New dates for our 60th are Monday, Tuesday,and Wednesday, June 13, 14, and 15.
After a careful census of probable attendance' by students, parents, alumni, and official guests, the College administration has reluctantly rescheduled the 1983 reunions of six classes, including our own. Hanover and its environs just cannot at one time accommodate the numbers expected. We will be joined on the new dates by '28, '43, '47, '48, and '49.
Herb Home and Chet Bixby now have a semi-firm program lined up which will be finalized at a reunion committee meeting following our Harvard weekend class meeting .on October 16.
Many of you have fond memories of the former Inn Motor Lodge on Lebanon Street. Converted some time ago to dormitory use), it still provides a private bath with each room and is readily accessible to the campus. Our class will be given first choice of its rooms.
This first fall issue of the ALUMNI MAGAZINE containing class notes will reach you after our scheduled Harvard game get-together. I hope that somehow or other many of you will have found it possible to be in Hanover for the meeting. Twenty other classes have planned similar get-togethers for the same weekend. Every room within 50-plus miles of Hanover is booked solid. Connie and I find ourselves.67th on the Hanover Inn waiting list. We shall be there for the meetings and the game however, and we hope many of you can join us.
The increasing size of alumni groups creates a serious logistics problem for all of us. Harvard, Yale, and Princeton weekends are everyone's preference, usually in that order. As a practical matter, however, we may have to settle for an earlier date and a lesser attraction.
The summer months have brought muchappreciated mail from many of you. Thanks so much, particularly to those of you who so thoughtfully sent me news clippings of the deaths of four of our classmates. I expect the obituaries of these men will have been included in the September issue.
Carl Reed writes that "after a busy summer of good and not-so-good days I am back on the golf course four or five days a week and playing in the low 90's."
Carl's reunion and Margaret's at Wellesley coincide in 1983. We hope they can coordinate the scheduling. As is true in most of our families, the Reed children have finished their educations and are on their own Nancy, University of Pennsylvania '47; Carl Jr., Dartmouth '44 and three years on nuclear submarine duty; David, Princeton '55 and an M.B.A. at the University of Rochester. There are also nine grandchildren, one of whom, Jeffrey, is Dartmouth '76 and earned his master's degree at U.N.H. in 1978. He is now living and working in and around Hanover for a structural steel company. Two great-grandchildren complete the present Reed roster.
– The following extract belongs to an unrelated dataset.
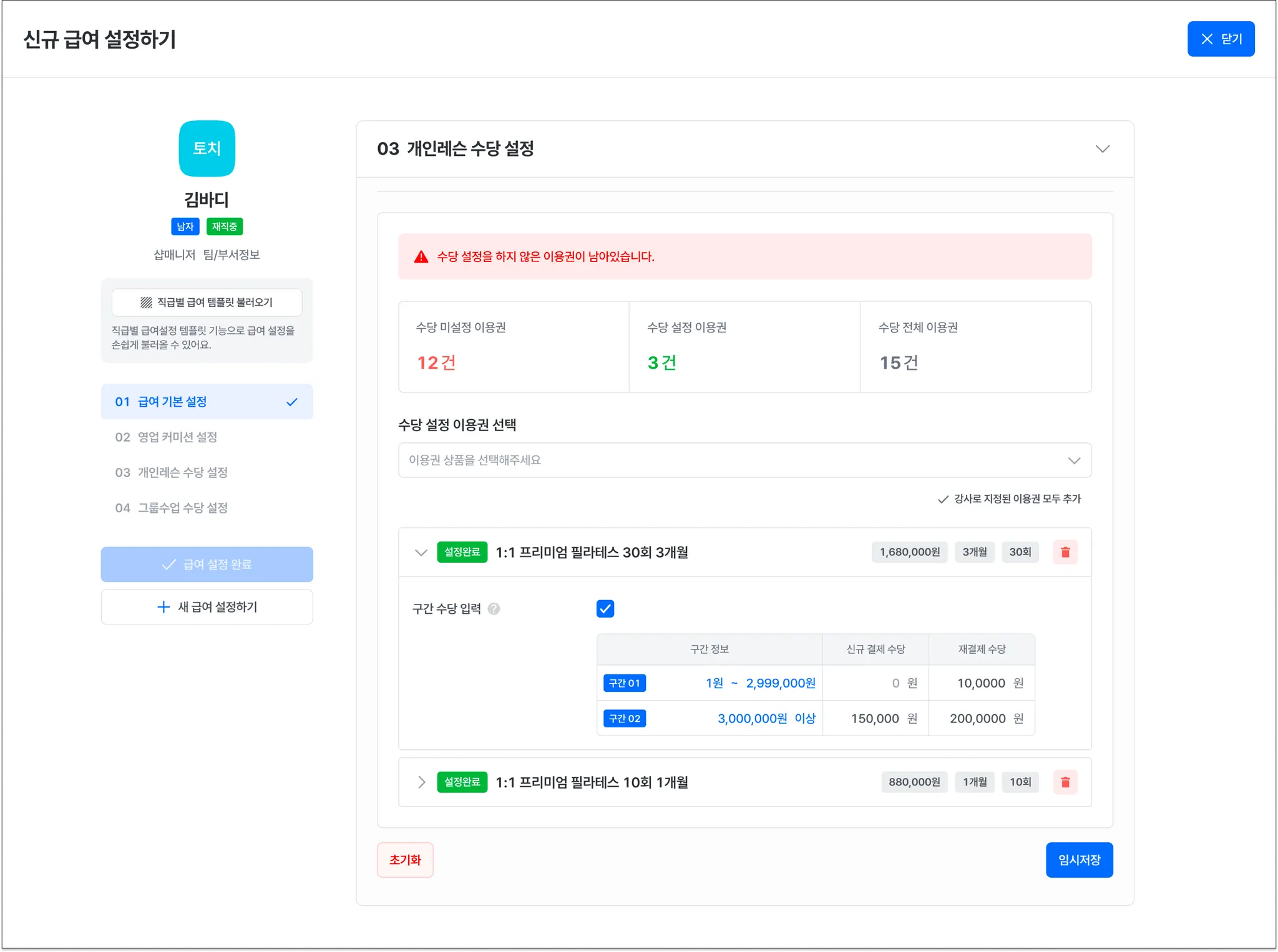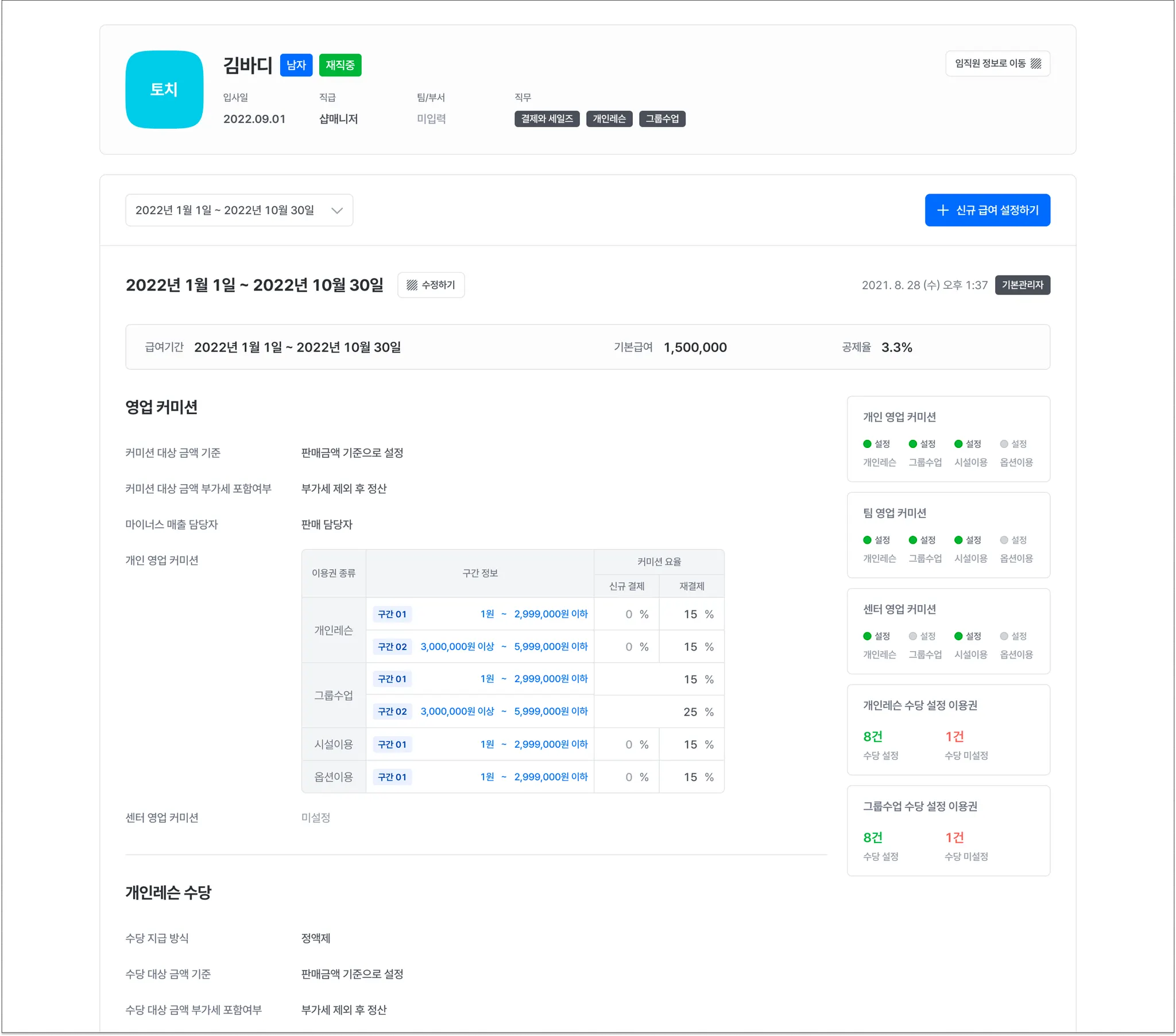 김바디 강사의 급여 설정 화면이에요. 커미션부터 수당까지, 세세한 항목들을 한 눈에 확인할 수 있어요.

Both Carl and Cap Palmer write that they have heard from Karl Stadlinger recently. Karl and Gene Gay-Tifft were classmates at the Nichols School in Buffalo. Karl, whose wife died some years ago, has retired from the practice of medicine and is "still holding down the fort in a too-big house" which he says would be a shame to give up for someone else to mess around in the garden after doing it so long himself.
Cap Palmer's summer report also includes a copy of a letter to him from Kully Lundberg. Kully and Marie are presently in good health following a difficult year in 1981, when both had to undergo serious but successful surgery.
Vin Baldwin writes chat he and Connie attended her 55 th reunion at Smith this summer. He adds: "It was my good fortune to squire four distinguished Smith alumnae of Connie's class around the Smith campus."
The Baldwins ended their eastern trip with a visit in Providence, R. 1., with daughter Priscilla and her husband and one of their grandsons who was home for the summer recess. He is an art student at the Boston Museum of Fine Arts and an undergraduate at Tufts. An older grandson is a senior at Columbia this year and was spending the summer working for the university in New York City.